We have the tendency of believing that if we just changed our perspective or the way we were thinking or the way we interpret the things that happen or were enlightened enough, we wouldn’t have the reactions we have in the first place.  Can you see that this puts us at war with reactions in the first place?  We can’t take care of something we don’t think should be there in the first place.  We’re already pushing it away, so how can we pull it close enough to explore it, examine it and care-take it?       

When we have a reaction, we need to treat the reaction as if it is a thing to be deeply understood because it is valid.  It exists for real reasons.  If your leg was hit by a lead pipe, it would break and the pain you would feel would exist for a very real reason.  It works the same way with emotions.  We have to look at the cause.  We have to look at what it caused us to feel in our bodies and feel emotionally and what it caused us to think.  We have to ask what it is letting us know about what we need.  We need to meet those needs and this includes communicating needs that we have to the people around us.  Action actually comes after reaction.  We have made an enemy or reactions because we confuse actions that are taken as a result of a reaction AS a reaction.  We can intercept this chain from reaction to action.  But we need to stop expecting ourselves to intercept this chain from external event to reaction.  It is futile.  Let things like altering your perspective and attitude and interpretation be part of the caretaking process of your reaction.  Not a way to try to convince yourself you shouldn’t have had the reaction in the first place.  Your reaction is always legitimate.

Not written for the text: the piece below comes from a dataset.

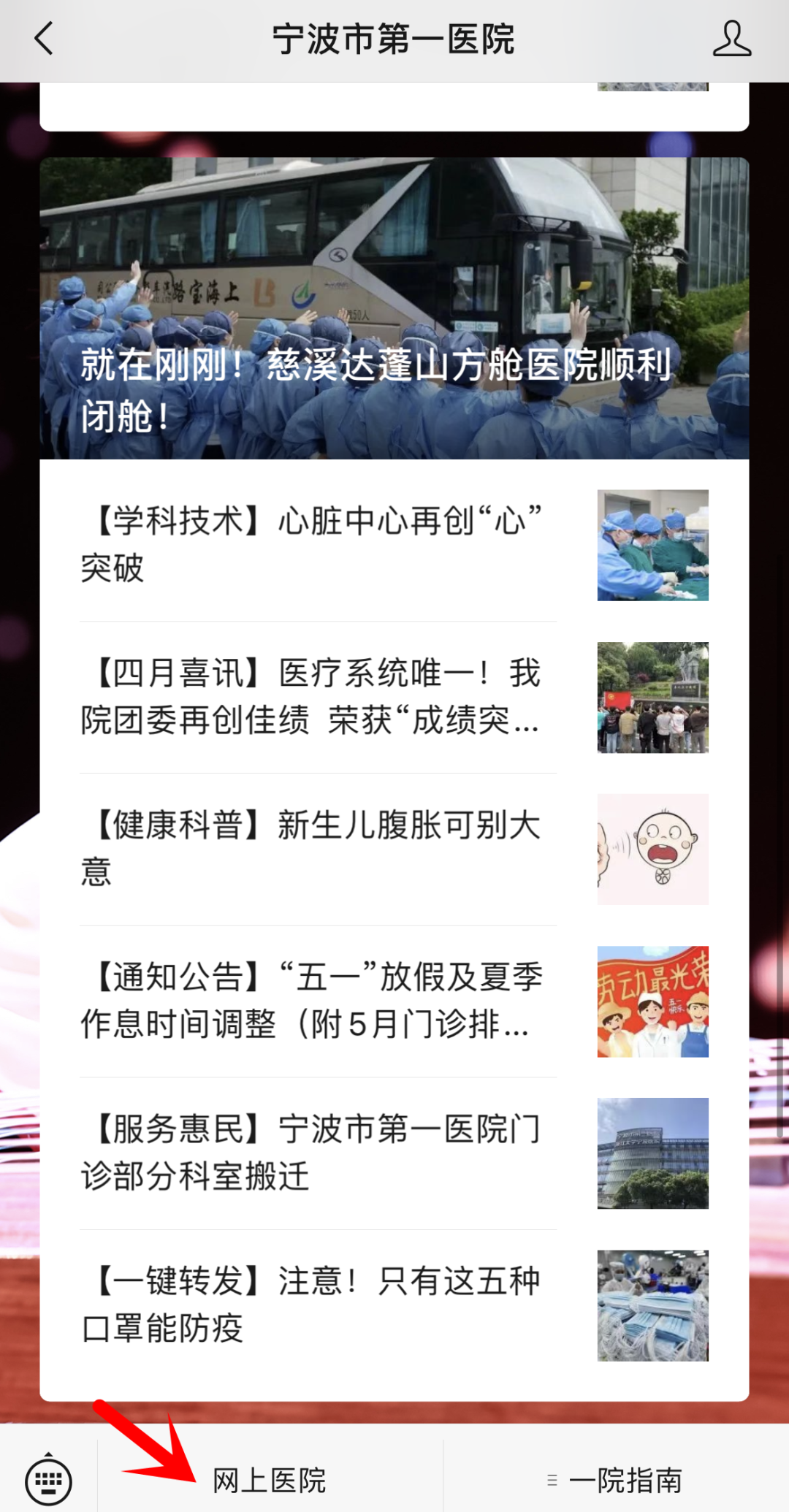 、訇P(guān)注“寧波市第一醫(yī)院”微信公眾號(hào),點(diǎn)擊“網(wǎng)上醫(yī)院”進(jìn)入主頁(yè)。
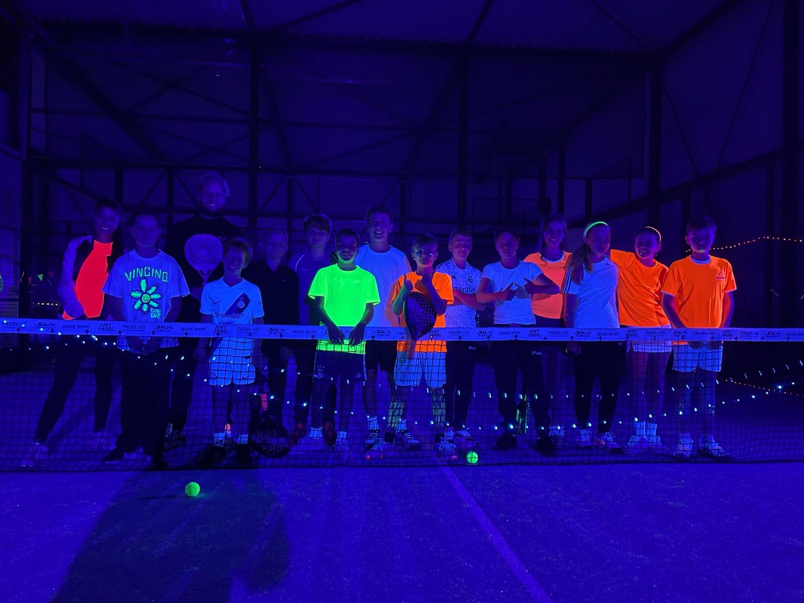 Nadat de padelbanen bij YOR’s uitgebreid versierd zijn met fluor ballonnen, fluor vlaggetjes, lichtstaafjes, lichtsnoeren en natuurlijk de blacklight lampen geplaatst waren mochten de jongste kids aftrappen. Allemaal mooi uitgedost in wit of fluor of zelfs een rokje met lichtjes kwamen zij naar YOR’s. Zij zijn bijna allemaal pas net gestart, maar de fel geel oplichtende bal ging fanatiek op en neer. En een schik dat ze hadden. Tussentijds was er een glaasje ranja en een snoepje. Werd er neon geschminkt en ook werd er een spelletje gespeeld.

If we want to learn to intercept the chain between reaction and the action it inspires, the game we have to stop playing with other people is the game of treating them as if their reaction is not legitimate.  And even if we don’t use words to convey this, if we are thinking it, they will feel it.  They will be 1,000 times more likely to carry out an action in response to their reaction that will be escalated because we have given them no opportunity to address the reaction they are having if we judge it as something that shouldn’t be happening in the first place.

We should be using any reaction we have in order to become aware. But be aware the risk of believing it is possible not to have a reaction. Beware of the risk of feeling shame or being shamed for having a reaction.